Avianca Group International Limited (formerly Avianca Holdings S.A. and AviancaTaca Holding Inc.) is a pan-regional Latin American multinational airline holding company with its registered office in St Albans, England, and its global headquarters in Bogotá, Colombia. It was formed in February 2010 after a merger agreement between Avianca and TACA Airlines, the flag carriers of Colombia and El Salvador respectively, when Avianca and TACA became wholly owned subsidiaries of Avianca Holdings. TACA Airlines shareholders were given 29% and Avianca Airlines shareholders were given 71% of the shares in the new company.

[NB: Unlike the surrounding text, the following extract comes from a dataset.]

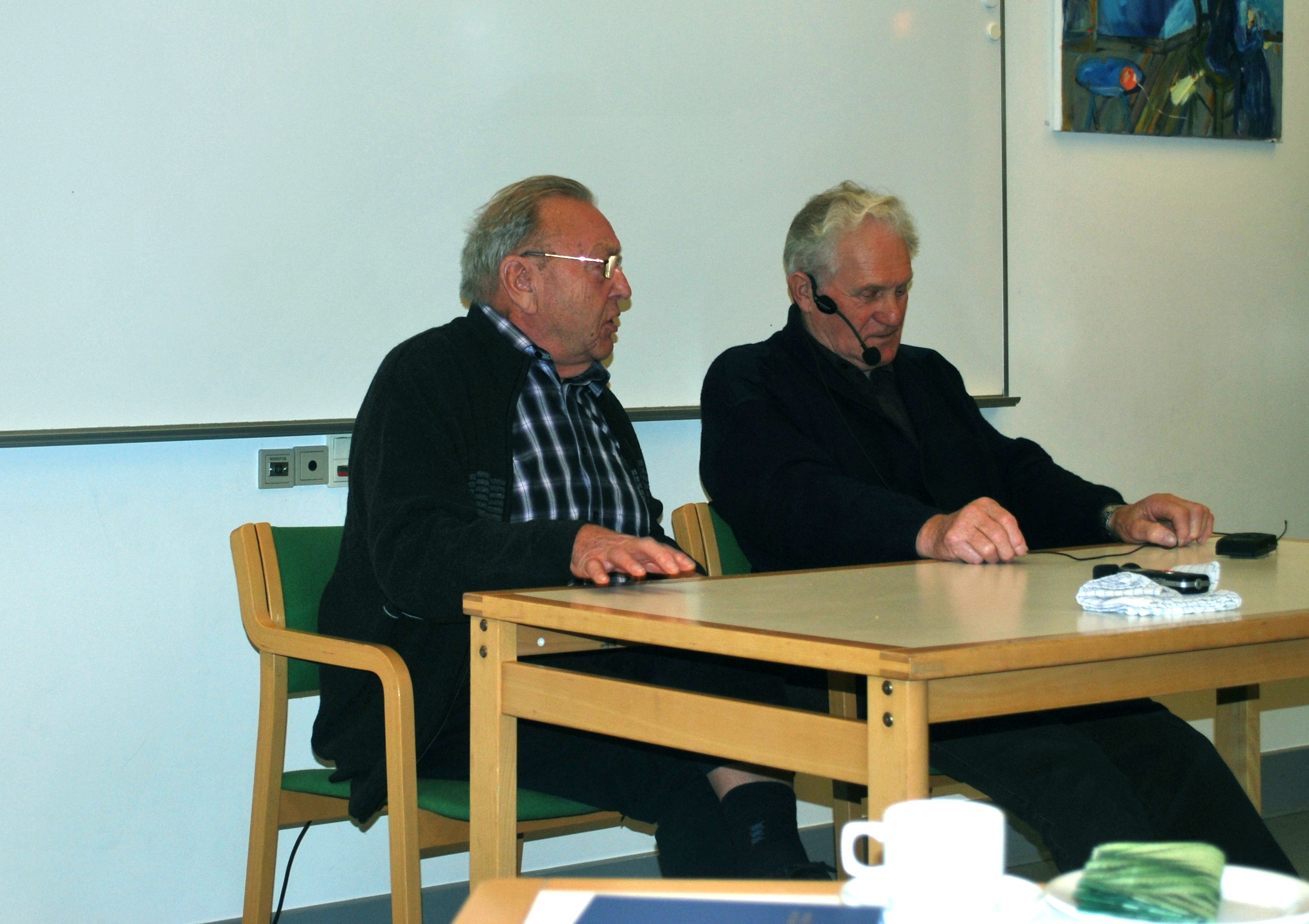 | Lokalhistorisk aften i Mårslet Sogns Lokalhistoriske Forening Torsdag den 20. november var der lokalhistorisk aften i MSLF, hvor to så kendte Mårslet-boere som Post-Hugo og Tømrer-Arne med de mere borgerlige navne Hugo Kristensen og Arne Andersen veloplagte fortalte om oplevelser, de har haft i det gamle Mårslet. Det blev noget af et tilløbsstykke, for sjældent har der været så mange tilhørere til disse lokalhistoriske aftener som ved denne, hvor der måtte sættes ekstra stole ind. Dog var der ikke flere, end at alle, så vidt vides, fik både kaffe og dejligt hjemmebagt brød i pausen. Det var ikke mindst Arnes og Hugos mere morsomme oplevelser serveret på deres tørre, lune måde, som tilhørerne kunne more sig over. Vi kom helt tilbage i deres allerførste ungdomstid, da der åbenbart var mere liv i Mårslet, end der er i dag. Og da de krydrede deres oplevelser med anekdoter, der implicerede mange af de hedengangne Mårslettere, var der lutter smil i ansigterne på tilhørerne. Det blev en lang, men aldeles ikke kedelig forestilling, for publikum blev ved med at stille spørgsmål til de to herrer om deres oplevelser, eller oplevelserne blev suppleret med yderligere kommentarer fra salen. Til sidst syntes formand Anne Marie Dalsgaard Mikkelsen, at nu trængte de to herrer vist til at slippe, og hun takkede dem og overrakte dem hver en erkendtlighed for deres vellykkede underholdning. Anne Marie benyttede derpå lejligheden til at gøre opmærksom på, at den godt 300 sider digre bog Mårslet her hvor vi bor med Hans Møllers skrifter om Mårslet vil være "på gaden" og klar til julehandelen ved præsentationen i Brugsen fredag den 28. og ved julestuerne i Borgerhuset og på Kildevang den 29. og 30. november. Aftenen sluttede, som den begyndte, med en sang fra Højskolesangbogen. Tekst og foto: ©Carl Gerhard Crone

The company was previously listed on the New York Stock Exchange and the Colombia Stock Exchange as Avianca Holdings. Since its inception, the Avianca Group has expanded its portfolio of operations and brands with the acquisition of the Mexican AeroUnion in 2014. The Group also owns the Avianca Express brand and LifeMiles, the Avianca rewards program.

Operations

The company is the second largest airline holding in Latin America by revenue and fleet size after LATAM Airlines Group based in Santiago, Chile. With a fleet of 173 aircraft and more than 19,000 employees, Avianca serves over 100 destinations in America and Europe, which connect to over 750 destinations worldwide through codeshare agreements with partner airlines. Avianca carried 24.6 million passengers in 2013.

Paradise Papers
On November 5, 2017, the Paradise Papers, a set of confidential electronic documents relating to offshore investment, revealed that the company's former Chairman Germán Efromovich was linked to an offshore conglomerate used for the aerocommercial holding business with ramifications in Bermuda, Panama and Cyprus. Efromovich used a Panamanian offshore that hid more than 20 firms located in tax havens. The conglomerate was used by Avianca Holdings in the purchase of MacAir Jet, now Avianca Argentina, aircraft company owned by Macri Group, for an amount of US$10 million. Allowing Avianca to make headway in the low-cost carrier business in Argentina. The Argentine government accepted these offshores as a financial guarantee to assign air routes to Avianca which is now being investigated by the Argentine federal justice system.

Bankruptcy
On May 10, 2020, Avianca filed for Chapter 11 bankruptcy in the United States after failing to pay bond holders, becoming one of the major airlines to file for bankruptcy due to the COVID-19 pandemic crisis.

In November 2020, the U.S. Bankruptcy Court for the Southern District of New York approved its $2 billion refinancing plan.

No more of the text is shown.